The Injective protocol community has overwhelmingly approved a significant tokenomics overhaul, passing governance proposal IIP-617 with 99.89% support based on staked voting power. The "Supply Squeeze" proposal, which is now live, reduces native token issuance and maintains the network's buyback-and-burn program that uses protocol-generated revenue to permanently remove tokens from circulation.
According to an official announcement from Injective on Monday, the changes are designed to "enable INJ to become one of the most deflationary assets over time" by accelerating token removal through aligned reduced issuance and recurring buybacks. The network has already removed approximately 6.85 million INJ from circulation through previous token burns.

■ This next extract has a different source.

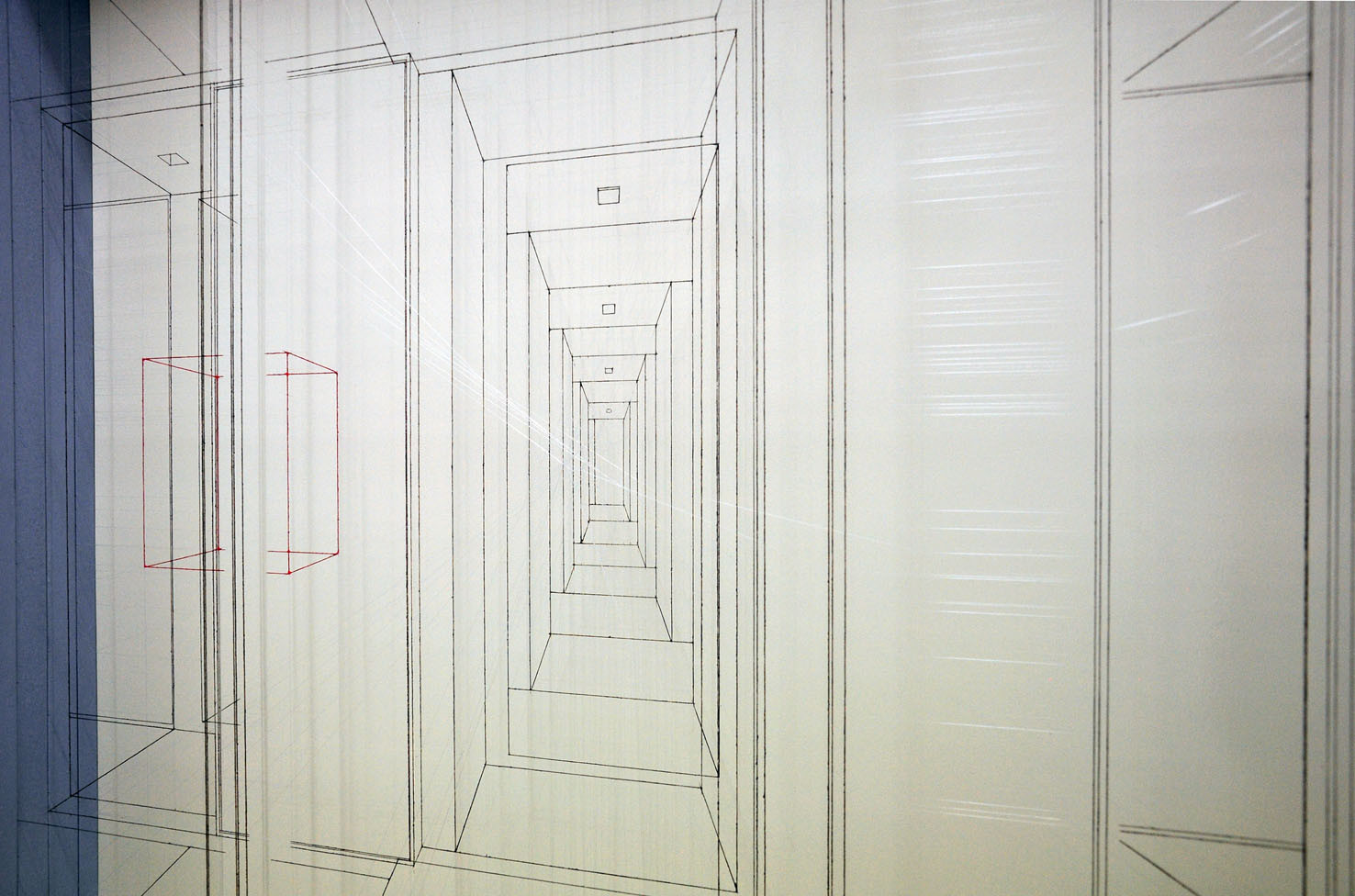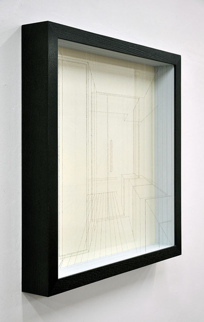 acrylic on fluorocarbon line, wood frame, metal background, plexiglas

The governance vote comes amid a prolonged downturn for INJ's market price, with the token falling nearly 80% over the past year and down more than 90% from its all-time high achieved in March 2024. On the day of the vote, INJ was down about 8%, according to CoinGecko data.
Despite price declines, Injective has continued to attract institutional engagement throughout 2025. In July, Cboe and Canary Capital both filed regulatory applications for a staked Injective exchange-traded fund (ETF), seeking to list funds that would hold and stake INJ to generate rewards. The network has also expanded its validator set, with Deutsche Telekom's IT services subsidiary, Deutsche Telekom MMS, joining as a validator in February, and Korea University recently becoming the first academic institution to operate a validator on the network.
Community reaction on social media following the vote has been mostly optimistic, with users framing the changes as a structural shift rather than a short-term market catalyst. According to DefiLlama data, Injective currently has $18.67 million in total value locked across its DeFi ecosystem, down sharply from peaks above $60 million in 2024.